What does it mean to upgrade to Visual Studio 2010? Two tasks are required for an upgrade:

  • Move to the Visual Studio 2010 toolset.

  • Use version 4.0 of the .NET Framework.

Depending on your situation, you may decide to

  • Start using Visual Studio 2010 and .NET 4.0 right away for all new development.

  • Upgrade all your existing Windows and Web applications to Visual Studio 2010 and .NET 4.0.

  • Leave all or some of your existing applications in the versions of Visual Studio with which they were created.

  • Upgrade your existing applications to Visual Studio 2010 while still using a previous version of the .NET Framework.

In this chapter, I talk about these scenarios and walk you through some conversion processes.

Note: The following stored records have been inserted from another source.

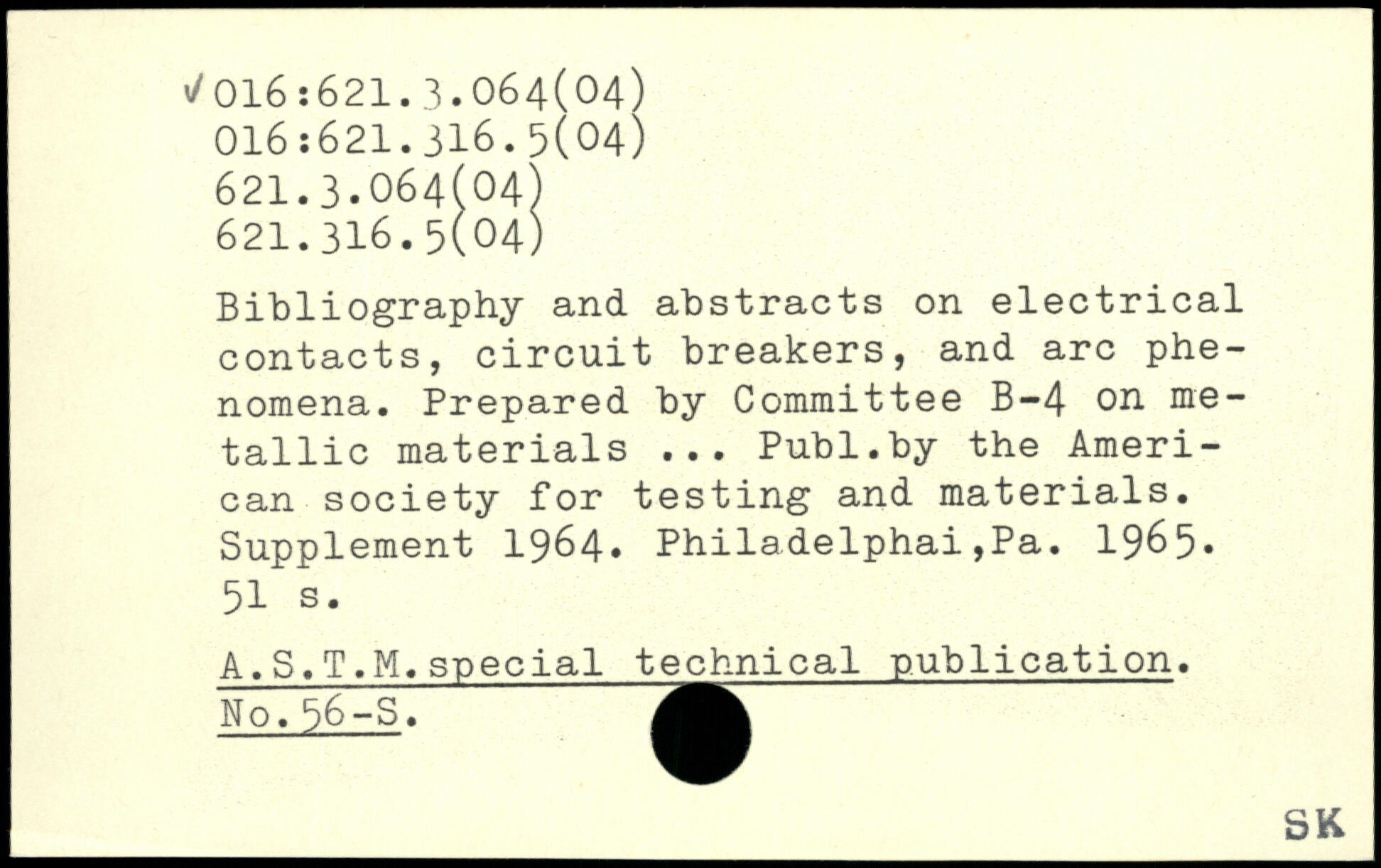 Bibliography and abstracts on electrical contacts, circuit breakers, and arc phenomena. Prepared by Committee B-4 on metallic materials ...
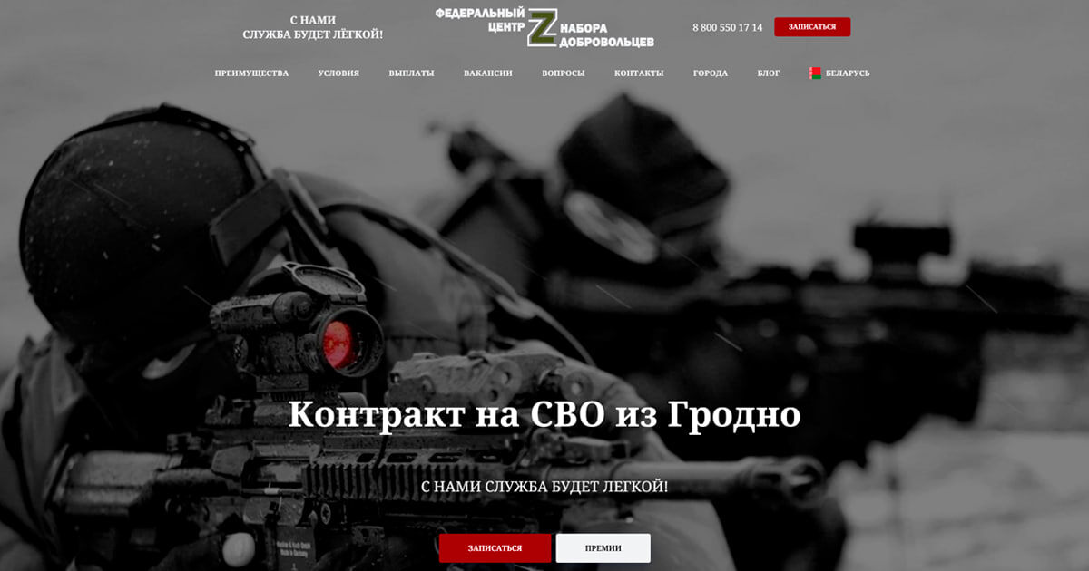 🔫Гродненцам предлагают оформить контракт на «СВО» — обещают «легкую службу
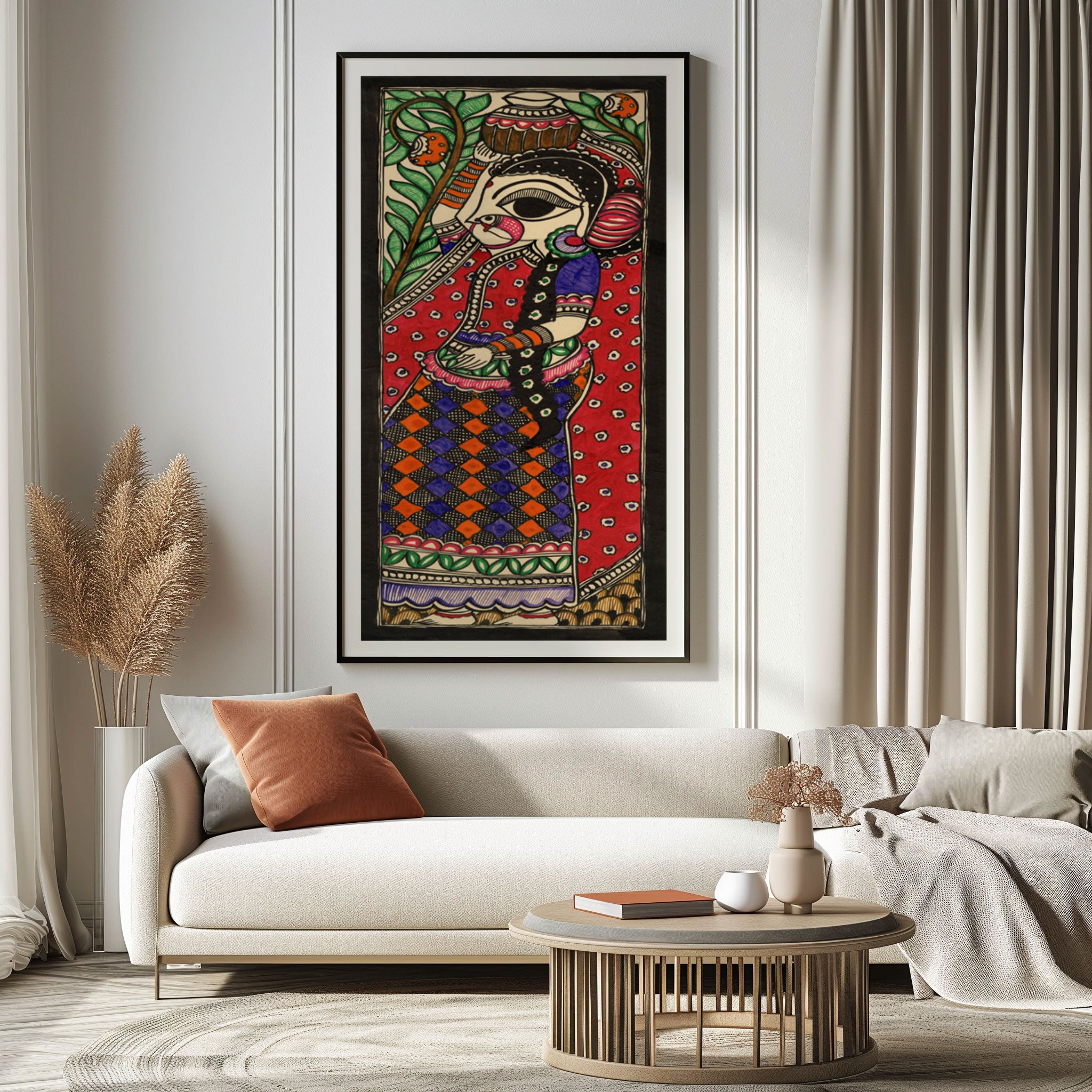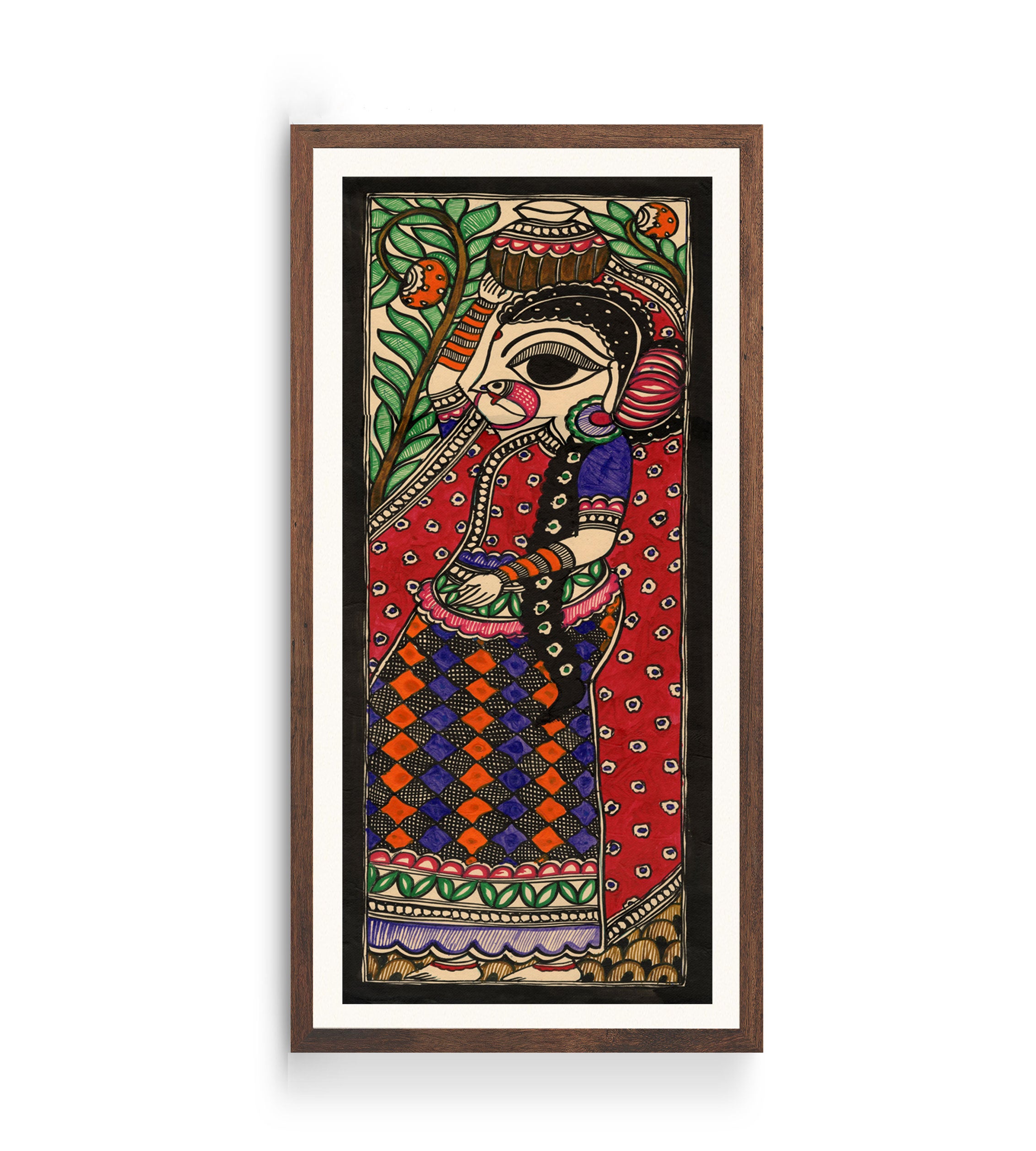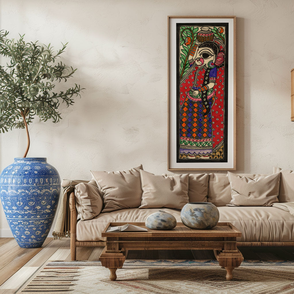 Woman with Water Pot - Madhubani Art from the Madhubani Paintings Collection is produced on Premium Museum Grade Canvas and Hahnemuhle Fine Art Media. This beautiful Madhubani Painting Art Print product is made with a matte finish and premium quality with vibrant colors. These Madhubani Miniature Paintings Art Prints are produced with the most extreme shading precision and using the most advanced giclee printing technique in the world. We use the same standard that the various museums and art galleries use across the globe to recreate the Madhubani Miniature Paintings Art Prints. These Madhubani Paintings are perfect for you if you're a Madhubani or Indian Culture Lover or if you want to add a Traditional Look to your space. The vibrancy of colors and the unique detailing of every Madhubani Painting Art Print makes them the best in so many ways. This Madhubani Art Print will add charm to any room in your home. These Madhubani Painting Art Prints can be the perfect gift to your friends, colleagues, or family as they sync in very well in your Bedroom, living room, lobby, Balcony, Bathroom, etc.
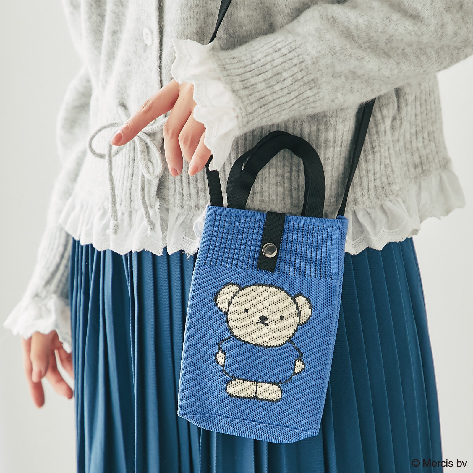 表面にはボリス、背面にはロゴがデザインされたニットショルダーバッグ。すぐに出し入れがしたいスマホやハンカチ、ポケットティッシュなどを入れられて便利です。箱入りでギフトにもおすすめ。
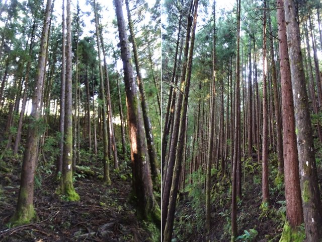 Attention, la première partie du sentier dans la forêt de Cryptomérias n'est pas toujours bien visible. Bien repérer les rectangles blancs peints sur les arbres (le GPS est aussi bien utile...).
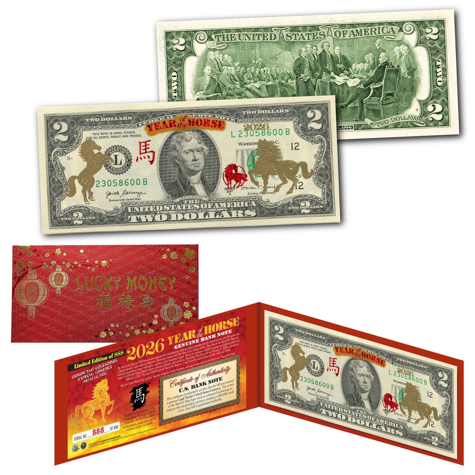 24KT GOLD 2026 Chinese Lunar New Year YEAR OF THE HORSE Genuine $2 BILL - Limited Edition: Only 888 Available!

Making the Business Case for Upgrading

When you make the decision to upgrade to Visual Studio 2010, your existing applications must be converted to work with Visual Studio 2010 before they can be opened. In most cases, the conversion process doesn't change your code. Instead, it merely updates configuration files, such as project and solution files. The changes that are made depend on whether you're converting

  • Windows applications

  • Web applications

  • Class libraries

Note

Visual Studio 2010 uses version 4.0 of the .NET Framework by default. The syntax of programming languages, such as ...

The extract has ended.